● **About this task**: This task calls for the lines below starting at the one containing "L'esposizione personale di" and ending at the one containing "무더운 여름 대전 유성구", repeated exactly with both ends kept and pictures left out.

───── Entries shown ─────

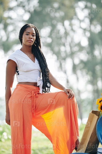 Женщина широкие оранжевые льняные брюки
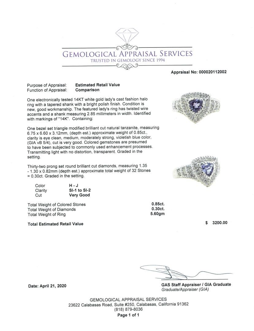 One electronically tested 14KT white gold lady's cast fashion halo ring with a tapered shank with a bright polish finish. The featured lady's ring has twisted wire accents and a shank measuring 2.85 millimeters in width. Identified with markings of '14K'. Condition is new, good workmanship. Containing: One bezel set triangle modified brilliant cut natural tanzanite, measuring 6.75 x 6.60 x 3.12mm, (depth est.) approximate weight of 0.85ct., clarity is eye clean, medium, moderately strong, violetish blue color, (GIA vB 5/4), cut is very good. Colored gemstones are presumed to have been subjected to commonly used enhancement processes. Transmitting light with no distortion, transparent. Graded in the setting. Thirty-Two prong set round brilliant cut diamonds, measuring 1.35 - 1.30 x 0.82mm (depth est.) approximate total weight of 32 Stones = 0.30 ct. Graded in the setting. Color H - J Clarity SI-1 to SI-2 Cut Very Good. Total Weight of Colored Stones 0.85ct.. Total Weight of Diamonds 0.30 ct.. Total Weight of Ring 5.60gm GAS Appraised at $3200.00. GAS Appraised.
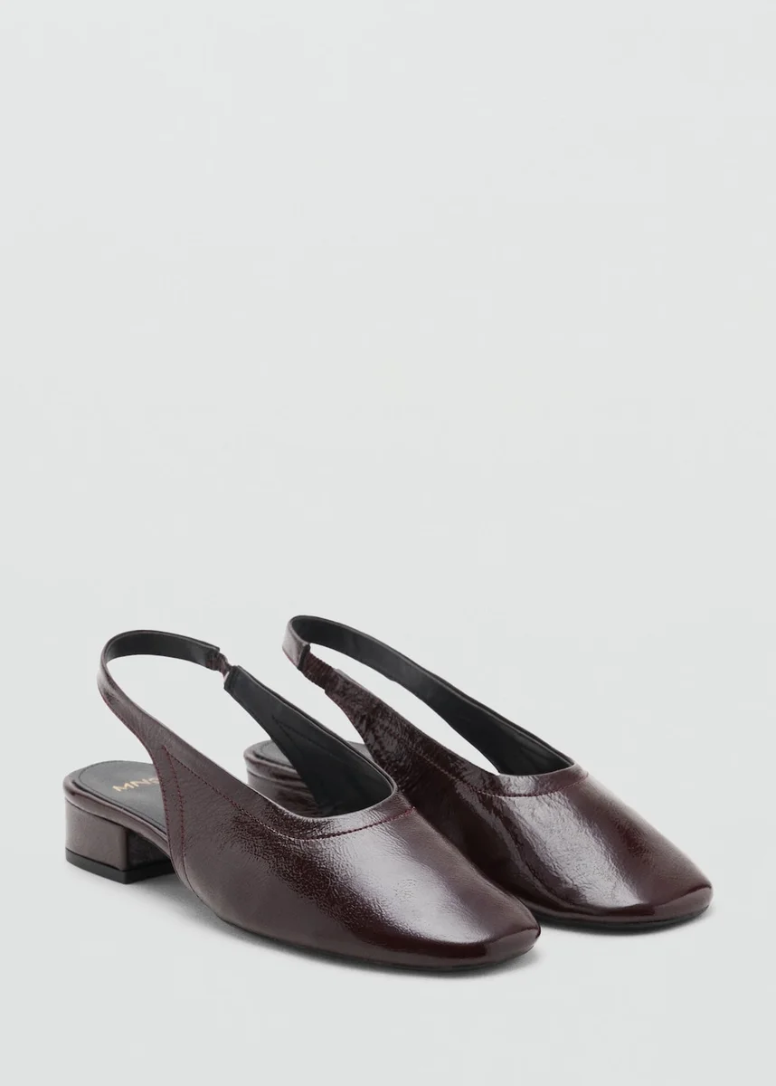 100% pelle bovina. Design slingback. Punta arrotondata. Tacco largo. Senza chiusura
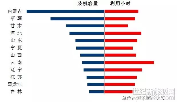 圖6 1-7月份風(fēng)電裝機較多省份風(fēng)電裝機容量和設(shè)備利用小時
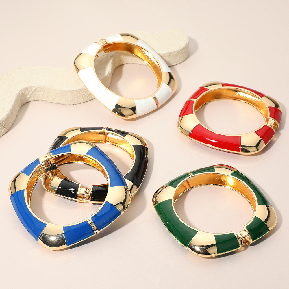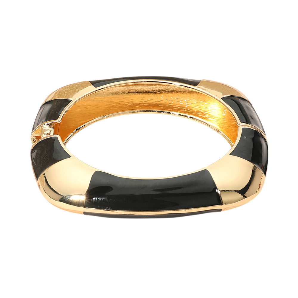 Details • Size : 0.6" H, 2.3" D • Hinged Closure • Modern striped hinged bangle bracelet designed to elevate your everyday or evening outfits. With its sleek geometric accents and secure fit, this versatile accessory adds a statement touch to any wardrobe, perfect for stacking or wearing solo.
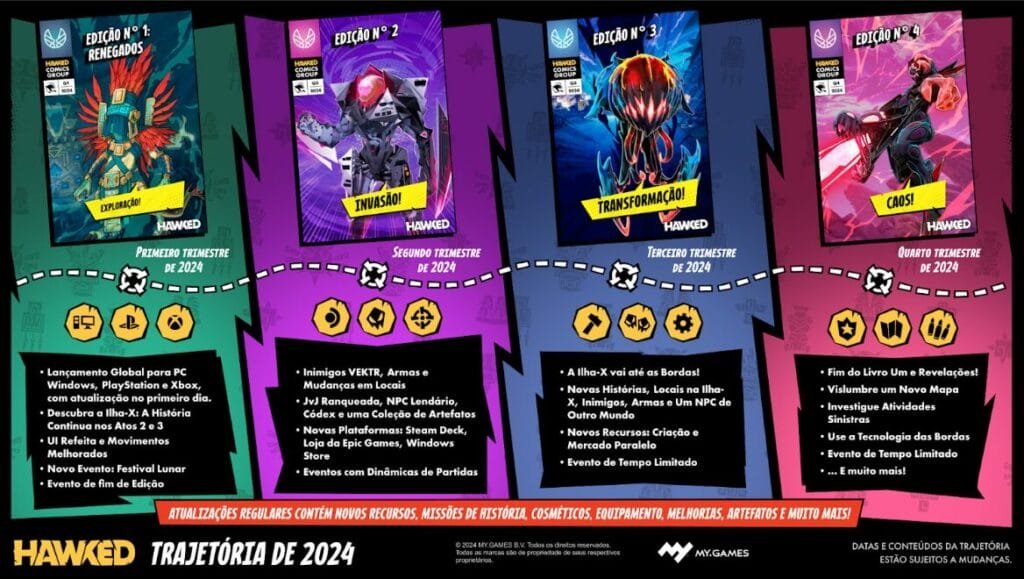 Nesta semana, a distribuidora e desenvolvedora MY.GAMES anunciou que o game HAWKED chegará para PS4, PS5 e Xbox Series X|S após seu período de acesso antecipado no PC. Os trabalhos para o jogo de tiro e extração em terceira pessoa começam gratuitamente nesta quinta (15) pelas respectivas plataformas de acesso para cada console.
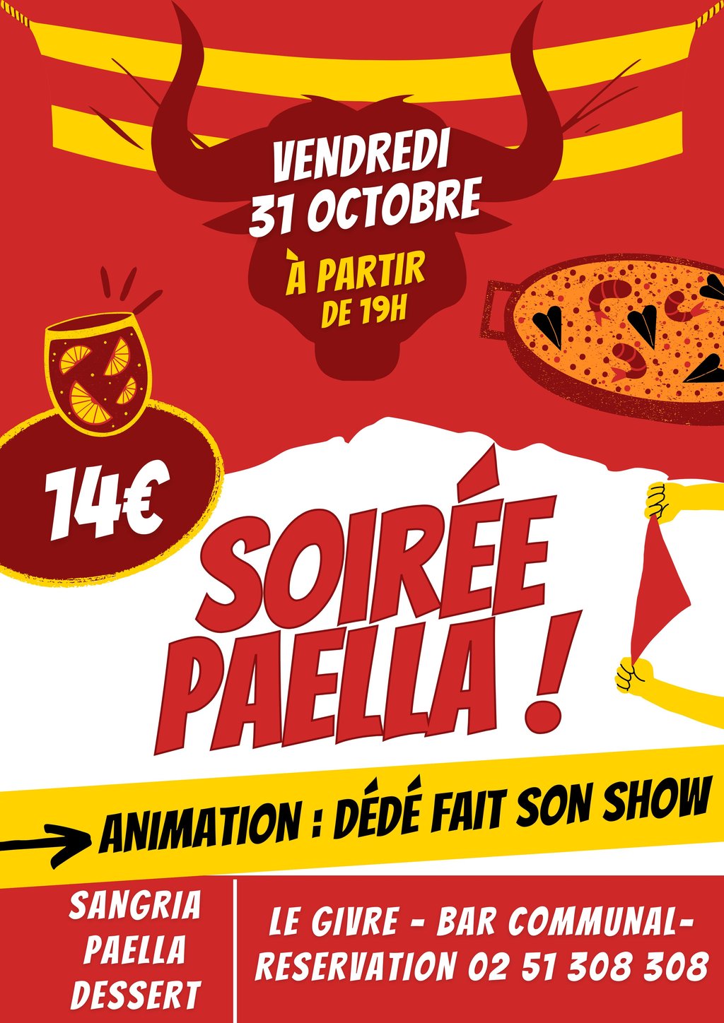 Le 31 octobre, une soirée Paella est organisée à la salle du bar communal .
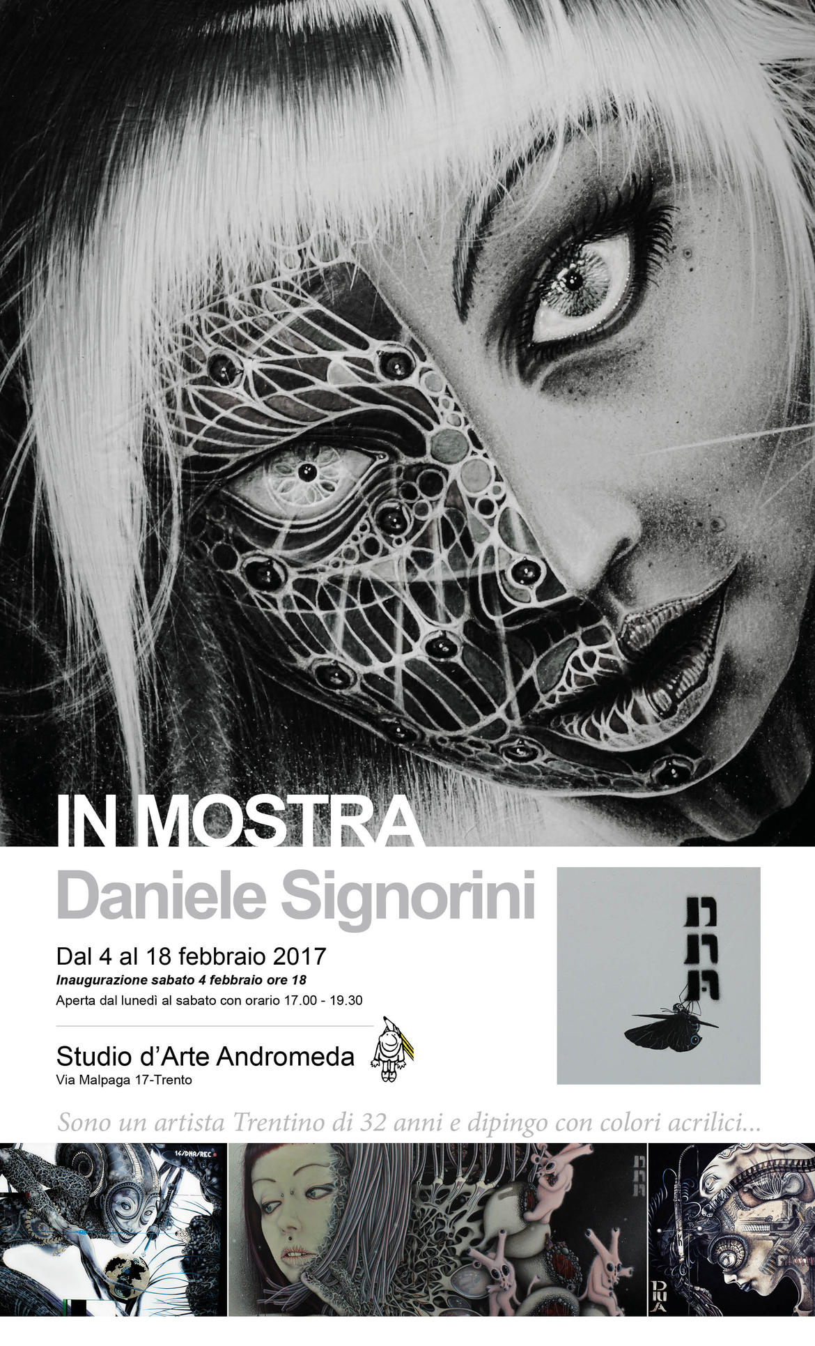 L'esposizione personale di Daniele Signorini allo Studio d'Arte Andromeda riassume l'iter intrapreso in questi ultimi dieci anni, che ancora si nutre di contaminazioni appartenenti all'area cyberpunk pur dimostrando una propria ricerca di soluzioni personali.
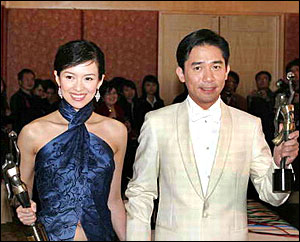 Wong Kar Wai's artistic 2046, which was close behind with 12 nominations, won Best Actor and Best Actress thanks to the impressive performances by former Cannes winner Tony Leung Chiu Wai and Crouching Tiger, Hidden Dragon star Zhang Ziyi.
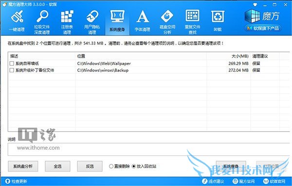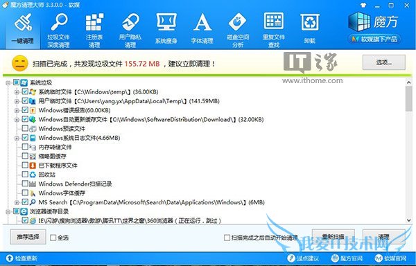 2、分析了系统盘的磁盘情况后,对大文件或者文件占用的情况也知晓了,接下来开始系统盘的瘦身操作。比如系统瘦身工具,安全删除可清理的系统文件。
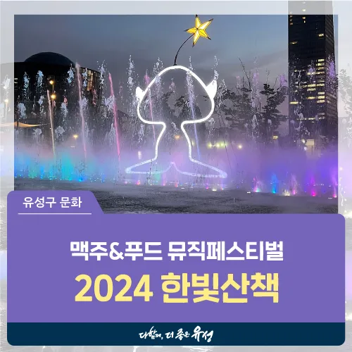 무더운 여름 대전 유성구 한빛탑광장에서 열리는 2024 한빛산책 맥주 & 푸드 뮤직페스티벌 현장에서 음악분수와 함께 시원한 맥주도 즐겨보세요.
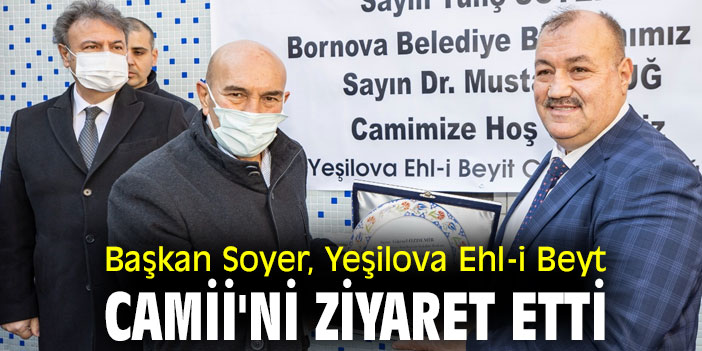 Başkan Soyer, İzmir Büyükşehir Belediyesi tarafından restore edilen Bornova Yeşilova Ehl-i Beyt Camii'ni ziyaret etti. Ziyarete İzmir Büyükşehir Belediyesi Başkan Vekili Mustafa Özuslu, Bornova Belediye Başkanı Mustafa İduğ, Birleşmiş Dünya Azerbaycanlılar Derneği Başkanı ve Iğdırlılar Dernekleri Federasyon Başkanı Gürsel Özdemir, siyasi parti temsilcileri, muhtarlar, meclis üyeleri, bürokratlar ve yurttaşlar da katıldı.
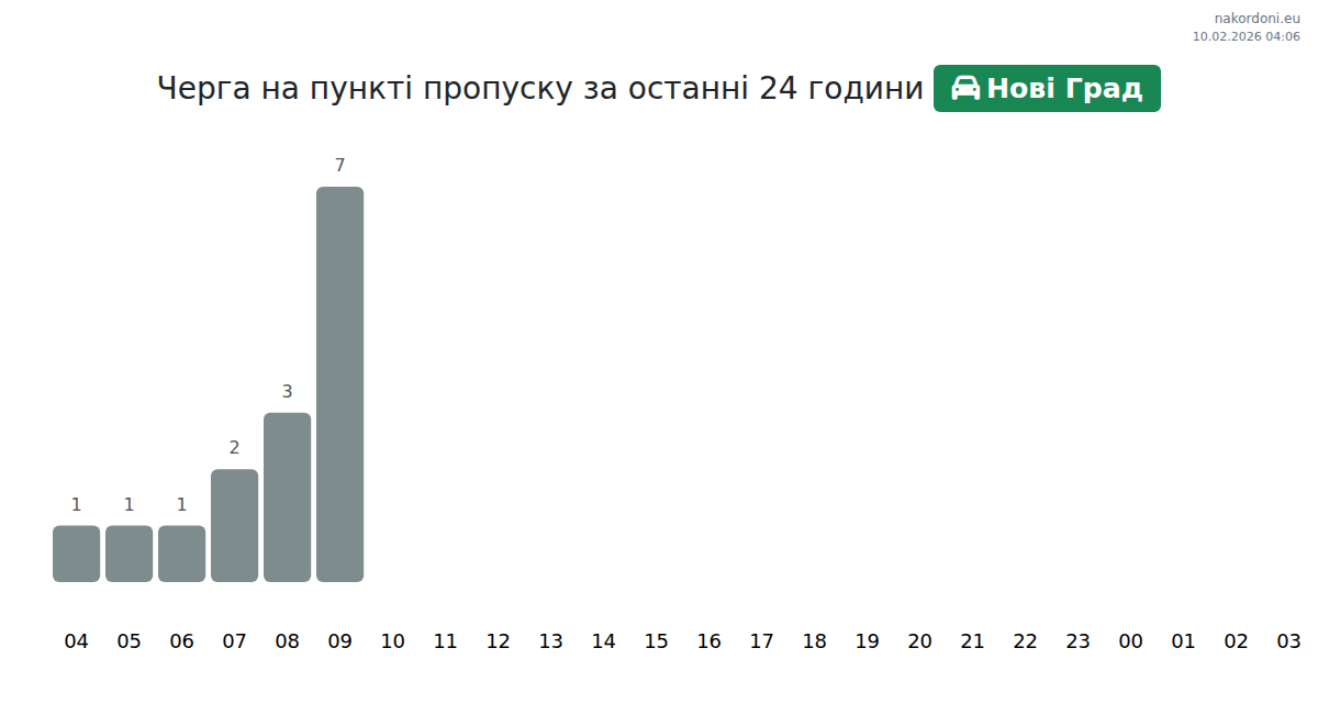 На Нови Град очаквайте време за изчакване за леки автомобили между 71-113 минути. Избягвайте пиковите часове: 09:00, 10:00 и 12:00. Най-кратките опашки са обикновено в 01:00, 02:00 и 03:00.
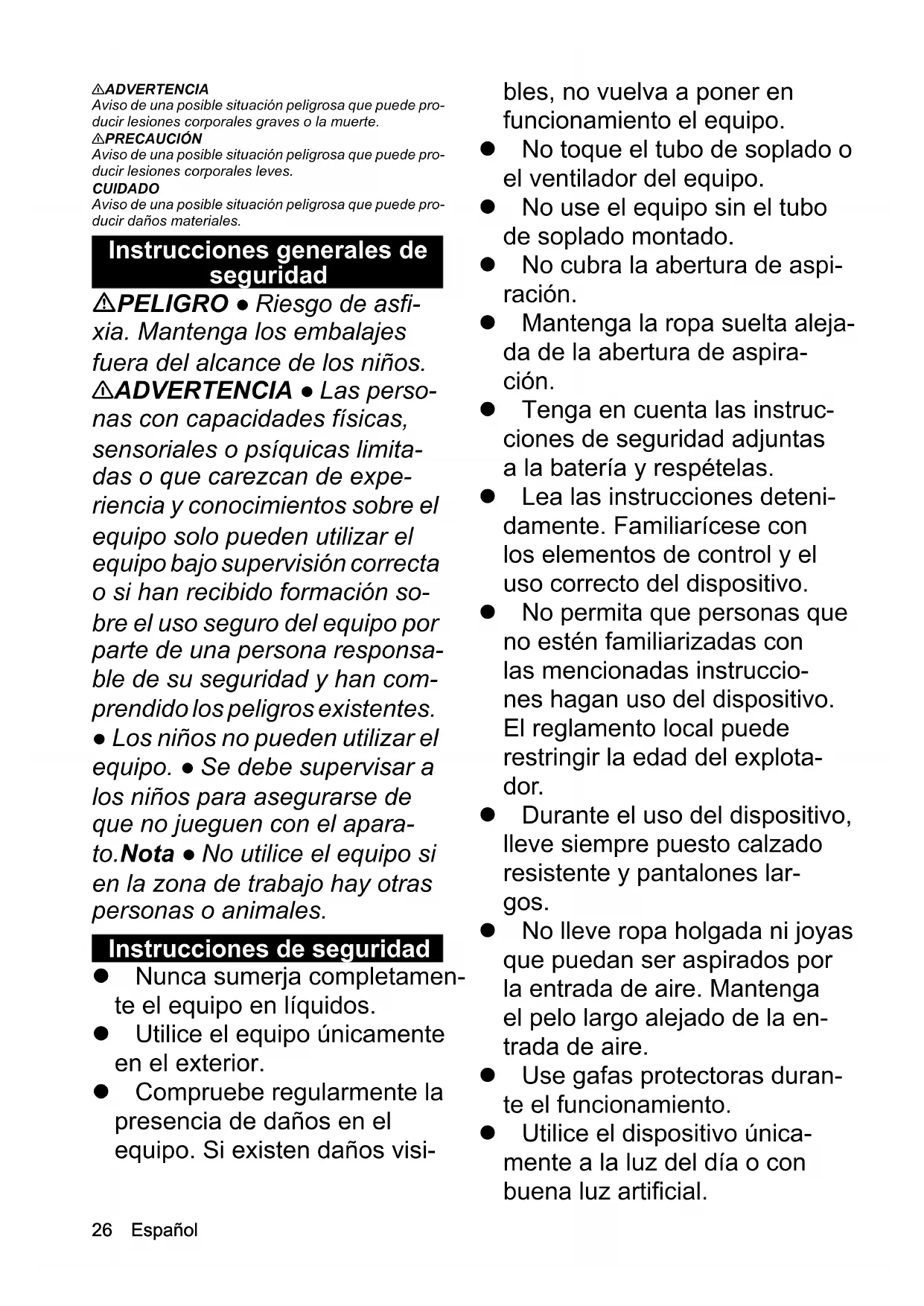- Declaración de conformidad CE Español 몇 ADVERTENCIA Aviso de una posible situación peligrosa que puede pro- ducir lesiones corporales graves o la muerte. 몇 PRECAUCIÓN Aviso de una posible situación peligrosa que puede pro- ducir lesiones corporales leves. CUIDADO Aviso de una posible situación peligrosa que puede pro- ducir daños materiales. Instrucciones generales de seguridad PELIGRO ● Riesgo de asfi- xia. Mantenga los embalajes fuera del alcance de los niños. 몇 ADVERTENCIA ● Las perso- nas con capacidades físicas, sensoriales o psíquicas limita- das o que carezcan de expe- riencia y conocimientos sobre el equipo solo pueden utilizar el equipo bajo supervisión correcta o si han recibido formación so- bre el uso seguro del equipo por parte de una persona responsa- ble de su seguridad y han com- prendido los peligros existentes. ● Los niños no pueden utilizar el equipo. ● Se debe supervisar a los niños para asegurarse de que no jueguen con el apara- to.Nota ● No utilice el equipo si en la zona de trabajo hay otras personas o animales. Instrucciones de seguridad Nunca sumerja completamen- te el equipo en líquidos. Utilice el equipo únicamente en el exterior. Compruebe regularmente la presencia de daños en el equipo. Si existen daños visi- bles, no vuelva a poner en funcionamiento el equipo. No toque el tubo de soplado o el ventilador del equipo. No use el equipo sin el tubo de soplado montado. No cubra la abertura de aspi- ración. Mantenga la ropa suelta aleja- da de la abertura de aspira- ción. Tenga en cuenta las instruc- ciones de seguridad adjuntas a la batería y respételas. Lea las instrucciones deteni- damente. Familiarícese con los elementos de control y el uso correcto del dispositivo. No permita que personas que no estén familiarizadas con las mencionadas instruccio- nes hagan uso del dispositivo. El reglamento local puede restringir la edad del explota- dor. Durante el uso del dispositivo, lleve siempre puesto calzado resistente y pantalones lar- gos. No lleve ropa holgada ni joyas que puedan ser aspirados por la entrada de aire. Mantenga el pelo largo alejado de la en- trada de aire. Use gafas protectoras duran- te el funcionamiento. Utilice el dispositivo única- mente a la luz del día o con buena luz artificial.Español 27 No se sobrecargue y manten- ga siempre el equilibrio. Asegúrese siempre en pen- dientes de que tiene un punto de apoyo. Camine mientras tenga el dis- positivo, no corra. Mantenga todas las entradas de aire de refrigeración libres de suciedad. No sople nunca la suciedad en dirección a otras personas. Apriete las tuercas, los pernos y los tornillos para asegurar que el dispositivo está en un estado de servicio seguro. Sustituya las piezas que estén desgastadas o dañadas. Use exclusivamente acceso- rios y recambios originales. Uso previsto 몇 ADVERTENCIA Peligro de lesiones por partículas que salen despe- didas Utilice únicamente la manguera de soplado con tubo si no supone un peligro para las personas presentes. El equipo está diseñado para soplar hojas situadas en el suelo, cortar el césped, podar arbustos y para sucie- dad suelta. Utilice el equipo únicamente para uso doméstico. Usos erróneos previsibles No se permite ningún uso no previsto. El operario será responsable de los daños producidos por un uso no previsto. Protección del medioambiente Los materiales del embalaje son reciclables. Eli- mine los embalajes de forma respetuosa con el medioambiente. Los equipos eléctricos y electrónicos contienen materiales reciclables y, a menudo, componen- tes, como baterías, acumuladores o aceite, que suponen un riesgo potencial para la salud de las personas o el medioambiente en caso de manipularse o eliminarse de forma inadecuada. Sin embargo, dichos componentes son necesarios para un servicio adecua- do del equipo. Los equipos identificados con este sím- bolo no pueden eliminarse con la basura doméstica. Avisos sobre sustancias contenidas (REACH) Encontrará información actual sobre las sustancias contenidas en: www.kaercher.com/REACH Símbolos en el equipo Manguera de soplado con tubo LBL 2/LBL 4 Accesorios y recambios Utilice únicamente accesorios y recambios originales, estos garantizan un servicio seguro y fiable del equipo. Encontrará información sobre los accesorios y recam- bios en www.kaercher.com. Volumen de suministro El volumen de suministro del equipo de muestra en el embalaje. Compruebe la integridad del volumen de su- ministro durante el desembalaje. Póngase en contacto con su distribuidor si faltan accesorios o en caso de da- ños de transporte. Descripción del equipo Figura A 1 Boquilla plana con bordes rayados2 Parte inferior del tubo de soplado3 Parte superior del tubo de soplado4 Salida de aire5 Interruptor del equipo 18 V: On/Off 36 V: Off, nivel 1, nivel 2 6 Tecla de desbloqueo de la batería7 Placa de características8 Alojamiento para la batería Battery Power (+)9 Abertura de aspiración10 *Batería Battery Power 36/2511 *Cargador rápido Battery Power 36 V12 *Cargador estándar Battery Power 18 V13 *Batería Battery Power 18/25 *Incluido en el alcance del suministro de las variantes del juego. Aviso sobre objetos que salen volando. Mantenga al resto de personas lejos de la zona de trabajo. Utilice protección para los oídos ade- cuada y unas gafas de protección du- rante el uso del equipo. Proteja el equipo de la lluvia y de salpi- caduras de agua.28 Español Montaje del tubo de soplado p. 2926

─────

● **Result below**:
 L'esposizione personale di Daniele Signorini allo Studio d'Arte Andromeda riassume l'iter intrapreso in questi ultimi dieci anni, che ancora si nutre di contaminazioni appartenenti all'area cyberpunk pur dimostrando una propria ricerca di soluzioni personali.
 Wong Kar Wai's artistic 2046, which was close behind with 12 nominations, won Best Actor and Best Actress thanks to the impressive performances by former Cannes winner Tony Leung Chiu Wai and Crouching Tiger, Hidden Dragon star Zhang Ziyi.
 2、分析了系统盘的磁盘情况后,对大文件或者文件占用的情况也知晓了,接下来开始系统盘的瘦身操作。比如系统瘦身工具,安全删除可清理的系统文件。
 무더운 여름 대전 유성구 한빛탑광장에서 열리는 2024 한빛산책 맥주 & 푸드 뮤직페스티벌 현장에서 음악분수와 함께 시원한 맥주도 즐겨보세요.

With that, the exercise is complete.